The works council also failed to show that access to such a list was necessary for it to carry out its duties. If the works council seeks to use the list to promote equal pay, it needs to specifically state which support measures require the requested information. A general reference to general tasks is not sufficient. In addition, the Court stressed that monitoring tasks focus on the present and the future, so that information from the past would be excluded per se.
The Court also discussed the limits under data protection law. The provisions of the Act to Promote Transparency in Wage Structures did not justify the provision of the lists either.
Consequences for practice
The Federal Labour Court resolutely drives forward its jurisprudence on the works council’s rights to information. This includes the encouraging trend that allows employers to refuse to provide information when the works council fails to refer to one of its specific duties. Simply reiterating the law is insufficient.
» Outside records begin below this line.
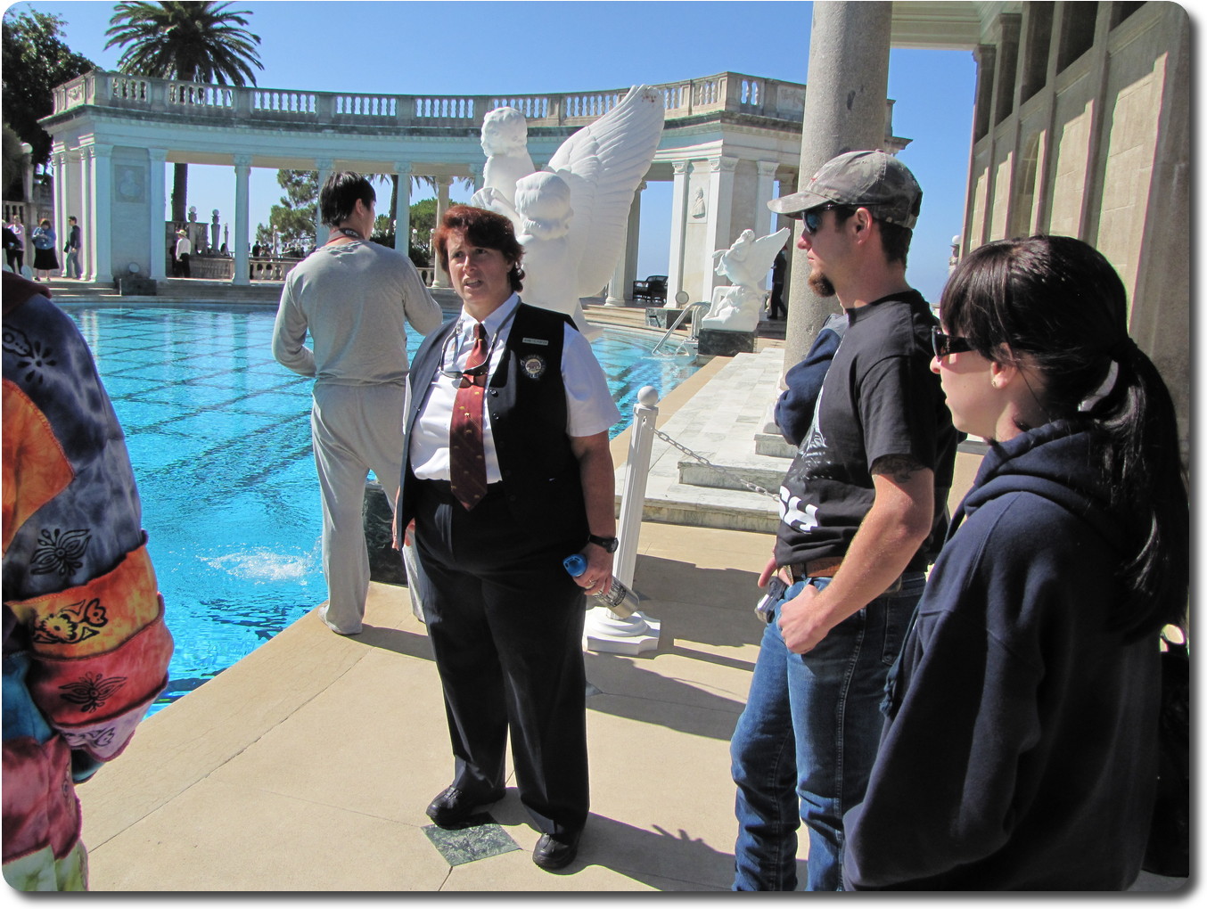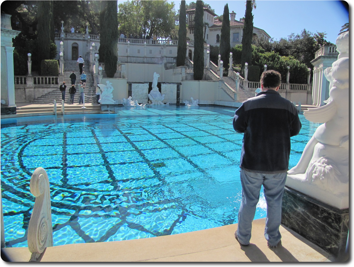You can't see the pool, but it is in front of the white marble facade you can see.
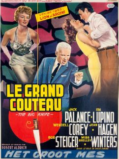 Ce n’est pas du théâtre filmé mais cela n’en est pas loin, seuls les gros plans et les montages personnels d’Aldrich en font du cinéma. C’est John Garfield qui aurait du tenir le rôle de Charlie, c’est dire combien le film aurait été diffèrent car la personnalité de Jack Palance pèse lourd. Avec lui on a toujours l’impression qu’on est proche d’un drame. Ici, dans la jungle hollywoodienne, ce n’est pas lui le plus méchant, Smiley et Stanley sont bien pires…Ils représentent même une sorte de perfection dans le genre puisque ils sont capables d’éliminer physiquement les gêneurs après avoir vainement tenté toutes les fourberies possibles. Le grand couteau est donc un film auxquels ne peuvent porter crédit que les personnes ayant vécus dans ce genre de milieux. Quand on est jeune on refuse heureusement de prendre ce film au sérieux. Aldrich sera moins bavard dans ses films suivants mais à 37 ans, il avait vraiment beaucoup de choses à dire. Un film intéressant par son casting notamment pour Jack Palance qui joue à contre-emploi et qui s'en sort pas mal. il y a Rod Steiger qui en fait beaucoup mais qui est excellent et aussi l'inquiétant Wendell Corey dommage en revanche que Ida Lupino ne soit pas plus utilisée. Malgré tout le film tournée en huis clos à du mal à décoller et le scénario à nous entraîner.
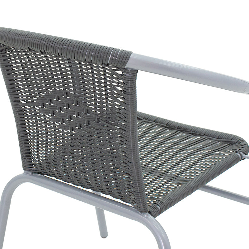 - Стабилна метална рамка с устойчивост на натоварване и износване. Корпусът на основната облегалка на седалката е изработен от висококачествен PE ратан. PE ратанът е вид екологичен синтетичен ратан, който може да се рециклира и е по-издръжлив от други видове.

Between the lines, the Court implies that, in addition to the standards established by the Works Constitution Act, data protection standards must also be examined in the future. This means that the Court will perform a double necessity test on any claims for information – under the Works Constitution Act (specific reference to a duty) and the General Data Protection Regulation (legality of the data processing). This is welcome because the requirements of the GDPR still have to be fulfilled within the framework of the Works Constitution Act.
If the works council demands certain lists or information, such as, for example, gross wage information, access can – for now – in principle be refused on various grounds. Employers should always (have) examine(d) which specific duties the works council is performing and whether the requested information has a direct connection to that duty. The employer can reject a blanket request with a demand that the request be substantiated.